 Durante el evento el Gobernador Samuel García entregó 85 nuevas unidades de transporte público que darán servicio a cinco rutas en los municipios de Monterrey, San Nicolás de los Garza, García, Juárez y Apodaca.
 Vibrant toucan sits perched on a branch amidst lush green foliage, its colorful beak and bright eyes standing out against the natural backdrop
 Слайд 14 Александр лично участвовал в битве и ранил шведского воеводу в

* * *

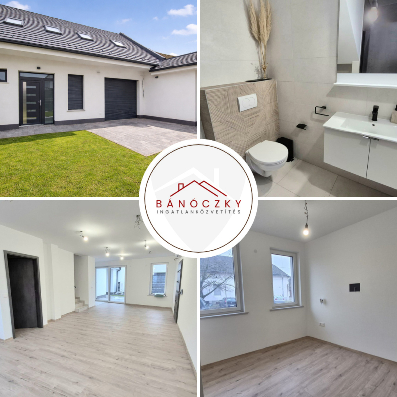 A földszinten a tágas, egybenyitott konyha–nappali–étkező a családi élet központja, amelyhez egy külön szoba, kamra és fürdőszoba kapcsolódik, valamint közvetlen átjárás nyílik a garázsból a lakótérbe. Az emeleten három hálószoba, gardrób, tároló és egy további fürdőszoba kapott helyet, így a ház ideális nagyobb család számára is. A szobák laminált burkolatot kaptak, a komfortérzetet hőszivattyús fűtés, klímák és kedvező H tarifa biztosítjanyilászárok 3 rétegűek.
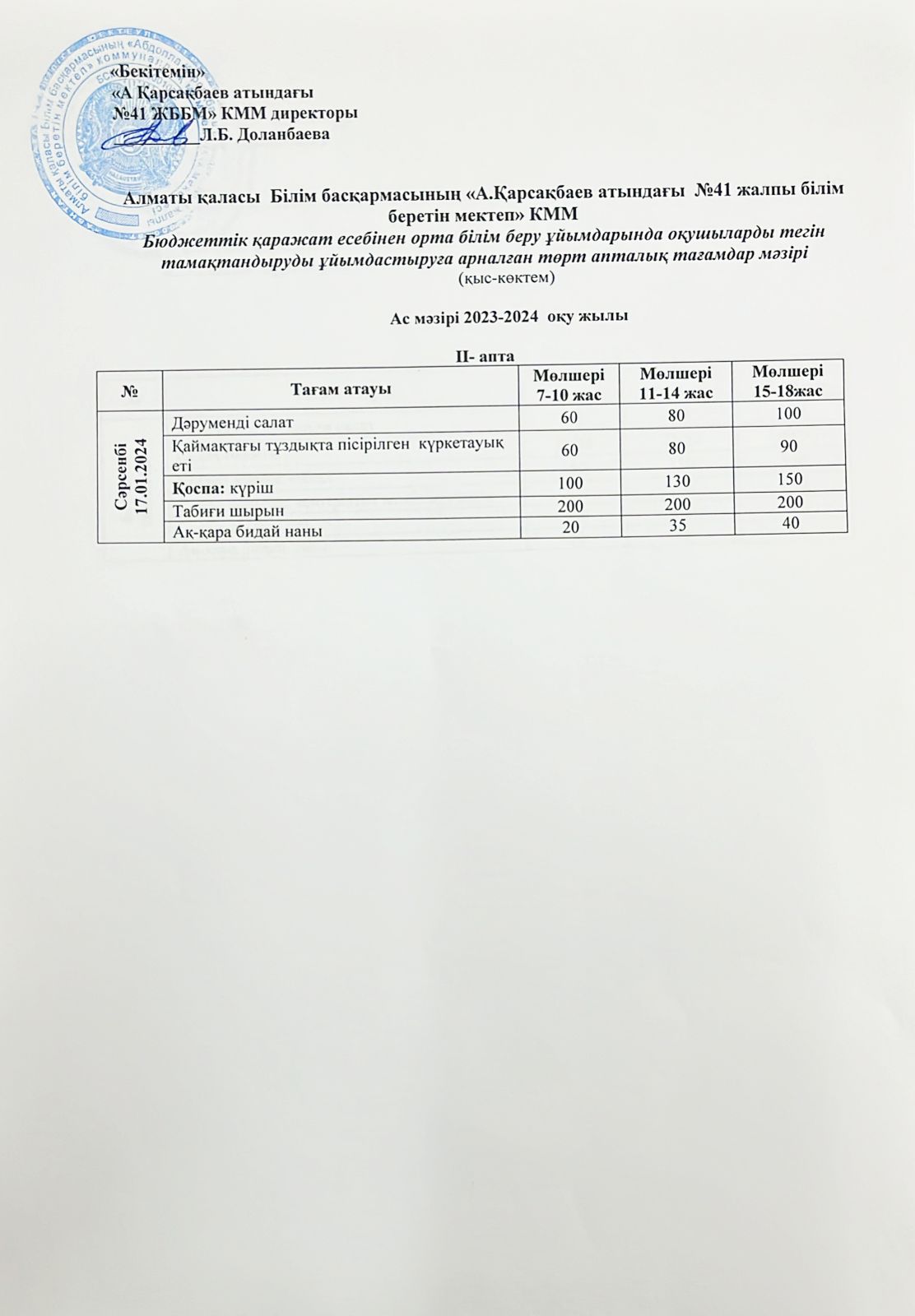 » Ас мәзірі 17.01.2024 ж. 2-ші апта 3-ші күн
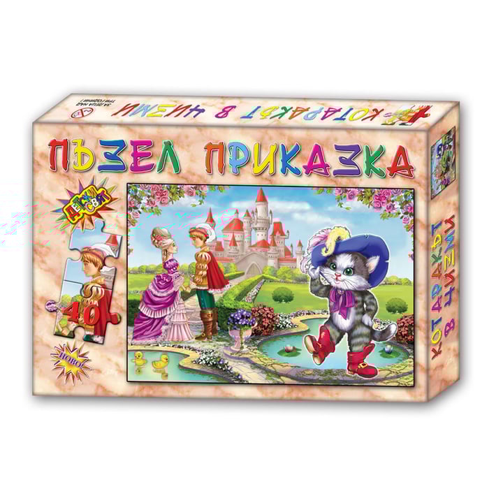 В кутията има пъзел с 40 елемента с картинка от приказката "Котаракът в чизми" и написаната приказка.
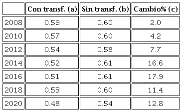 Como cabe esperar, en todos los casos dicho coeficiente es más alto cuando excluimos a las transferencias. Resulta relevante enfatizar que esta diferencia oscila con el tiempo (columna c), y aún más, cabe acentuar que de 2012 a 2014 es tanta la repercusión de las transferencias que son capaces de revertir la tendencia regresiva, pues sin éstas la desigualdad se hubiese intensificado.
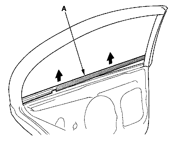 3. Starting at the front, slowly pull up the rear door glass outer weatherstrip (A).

...

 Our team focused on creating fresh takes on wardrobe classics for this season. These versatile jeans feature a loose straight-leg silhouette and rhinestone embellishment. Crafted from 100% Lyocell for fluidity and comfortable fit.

## Action item
Working from the records above, write out verbatim only the lines from the line containing "Durante el evento" through the line containing "Слайд 14 Александр".

## Answer section
 Durante el evento el Gobernador Samuel García entregó 85 nuevas unidades de transporte público que darán servicio a cinco rutas en los municipios de Monterrey, San Nicolás de los Garza, García, Juárez y Apodaca.
 Vibrant toucan sits perched on a branch amidst lush green foliage, its colorful beak and bright eyes standing out against the natural backdrop
 Слайд 14 Александр лично участвовал в битве и ранил шведского воеводу в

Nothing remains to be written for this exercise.